Saturday, November 22, 2008

The Quick and the Stupid

An interesting piece in the Boston Globe about the rise of "group think" in academic scholarship suggests that far from broadening perspectives, it turns out that having the world at our fingertips means we tend not to reach very far. In a short article published by James Evans in Science (I will attach it when I learn how) over the summer, the American sociologist showed that as academic publications began to be available online towards the late 1990s, there has been a tendency to cite fewer and more recently published articles. Evans argues that while online availability greatly improves accessibility and efficiency, it has also tended to narrow searches and accelerate consensus. Of particular importance is the use of hyperlinks which allows researchers to immediately link to other material thereby enabling them to "quickly reach and converge with prevailing opinion," which in turn leads to "more citations referencing fewer articles."
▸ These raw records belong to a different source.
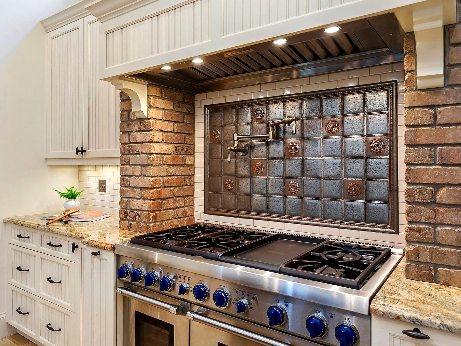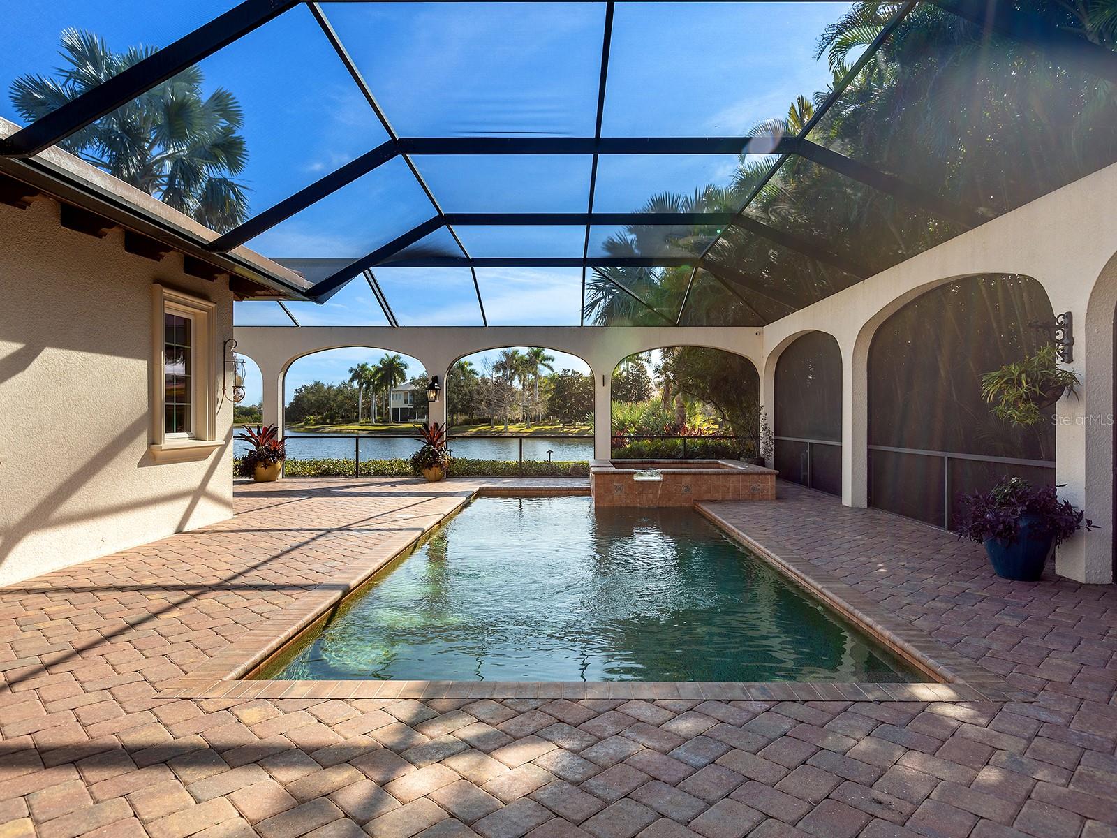 Set within The Lake Club at Lakewood Ranch, this home offers thoughtfully designed indoor–outdoor living, introduced by a gated courtyard entry, paver drive, paver walkways, landscaped grounds, exterior lanterns, and a landscaped front island. Travertine flooring spans the main living areas, with engineered wood floors throughout all bedrooms. A glass front door opens to a foyer with grasscloth wallcovering, while center-pocketing impact-rated sliders connect the great room directly to the lanai. The great room features plaster-textured walls, crown molding, brick archways, soaring 18-foot ceilings with exposed beams, abundant natural light, and motorized shades. The kitchen centers around an oversized island with extended breakfast bar seating and includes a Thermador appliance suite with a paneled refrigerator and freezer, a gas cooktop with griddle, double ovens, a warming drawer, a microwave, a paneled Bosch dishwasher, and a U-Line wine cooler. Additional features include granite countertops, a coffee bar, pot filler, decorative backsplash framed by wood and brick, custom pantries, and upgraded lighting, with the dining area positioned nicely between the kitchen and family room, making it ideal for entertaining. The primary wing features French doors to the lanai and is adorned with walls of windows overlooking the pool, fire pit, and lake. Additionally, this primary suite is appointed with crown molding, designer draperies, and motorized blinds. The luxurious bath offers separate granite vanities, a floor-to-ceiling tiled walk-in shower, a sunken soaking tub framed by windows, and a private water closet. The expansive custom closet includes built-ins, a center island with locking drawers, an integrated hamper, and a chandelier. Both guest bedrooms are en-suite. One guest bedroom is equipped with a double-door entry and a custom Murphy bed, and the other offers a built-in closet, granite vanity, and a walk-in shower with ceiling-height tile and a window. Interior features also include a half bath with a brick archway and linen storage, hallway storage, and a laundry room that includes granite counters, ample cabinetry, a sink, a window, and trim detailing. The lanai features a heated saltwater pool and spa with a Pentair heater, paver decking, exposed ceiling beams, dual ceiling fans with lighting, motorized shades, remote-controlled awnings, and brick archways. A linear electric fireplace finished in Crema Marfil marble with built-in bench seating and a gas fire pit overlooking the lake. The outdoor kitchen includes granite countertops, a sink, hood, and complementary brick and Crema Marfil finishes. FGBC-certified for energy efficiency and comfort, this smart home features Icynene spray-foam insulation, LED lighting, tankless gas water heater, whole-house generator, EV charger, whole-house water filtration with reverse osmosis, and Control4 and Sonos whole-home audio. Smart controls manage security, cameras, thermostat, garage doors, motorized blinds, and water heater, while the epoxy-finished garage includes EV and generator hookups. Located in The Lake Club’s maintenance-free section with pool care and landscaping included, residents also enjoy resort-style amenities such as a clubhouse, pool, fitness center, tennis and pickleball courts, dining, social events, and scenic lakes for kayaking and fishing, just minutes from top-rated schools, shopping, dining, and Sarasota’s beaches.
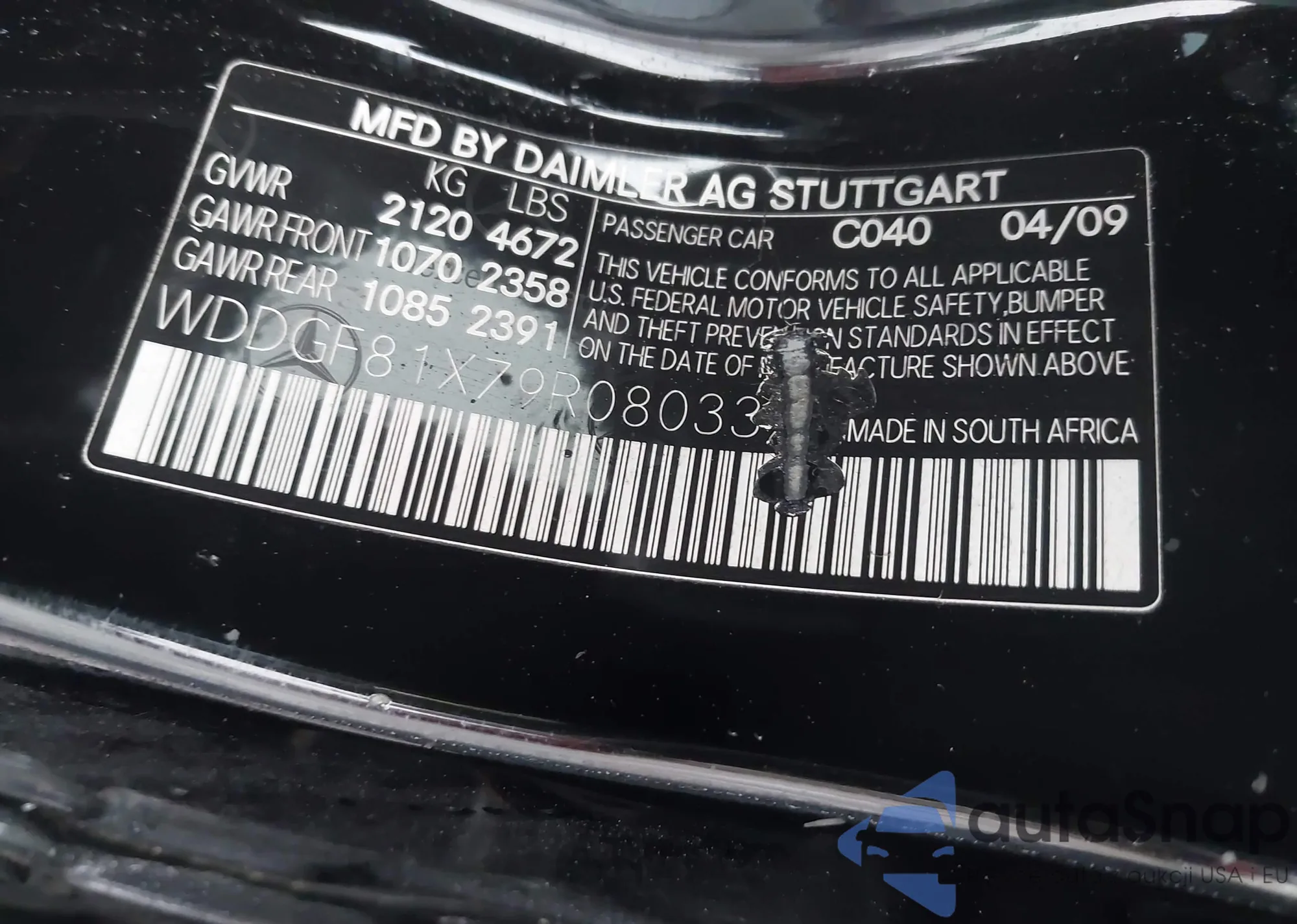 LOT: 44406247 VIN: WDDGF81X79R080337
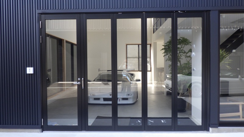 全面開放することができる特殊なガラス扉です。通常時は左側の扉だけで出入りします。車を出し入れするときは全面に解放することができます。

What to make of this? Is it possible that the plainly beneficial efficiency and functionality of computers and the internet are actually narrowing our intellectual standards? While this is not necessarily the case, it seems that presently the trend is to reference what everyone else is referencing, to conclude what everyone else is concluding. In certain disciplines racing to consensus can make sense, especially in the sciences where conflicting theories can cause stagnation. The author of the study above points out, such consensus building probably reflects the fact that your work will likely be overlooked completely if it doesn't fall somewhat in line. But rather than reflecting some ominous Big Brother authoritarianism, such consensus forming is more about staying relevant - ensuring your work reaches others in your field.

The internet is enabling greater homogeneity outside of universities too. In a famous article by Wired editor Chris Anderson in 2003, he described what he called "The Long Tail" of the entertainment industry where, though summer blockbusters and the latest Lil' Wayne album take the bulk of attention, a long tail of lesser known products find their way to diverse consumer preferences. The internet, in his view, was opening up a new era of consumerism where the most particular and arcane tastes had the opportunity of being fulfilled. The internet allowed for a greater variety of tastes and opinions - "niches by the thousands" - than ever before. But this optimistic view of things is being contradicted by research which shows that particularly in the entertainment industry, more people are watching and listening to less.

The pooling together of certain ideas or products at the expense of countless others is partly a function of the necessity of organizing the seemingly infinite amount of data available through the digital medium. But ranking articles according to their citations, or web-pages according to their hits, will inevitably emphasize popularity above all else. In some cases, this may indeed be a matter of the cream rising to the top. But just as often if not more so, pure random chance, arbitrary fate, is responsible for one thing being held up above all others, and this is no less at work in the realm of ideas than any other human endeavor. Schopenhauer greatly resented his contemporary Hegel's enormous influence and prestige when compared to his own obscurity. Back then, in the age of wooden lecterns and leather-bound books, the latter was an intellectual rockstar and the former hardly a roadie. He would have been driven bonkers in our age of blogs and wikipedia.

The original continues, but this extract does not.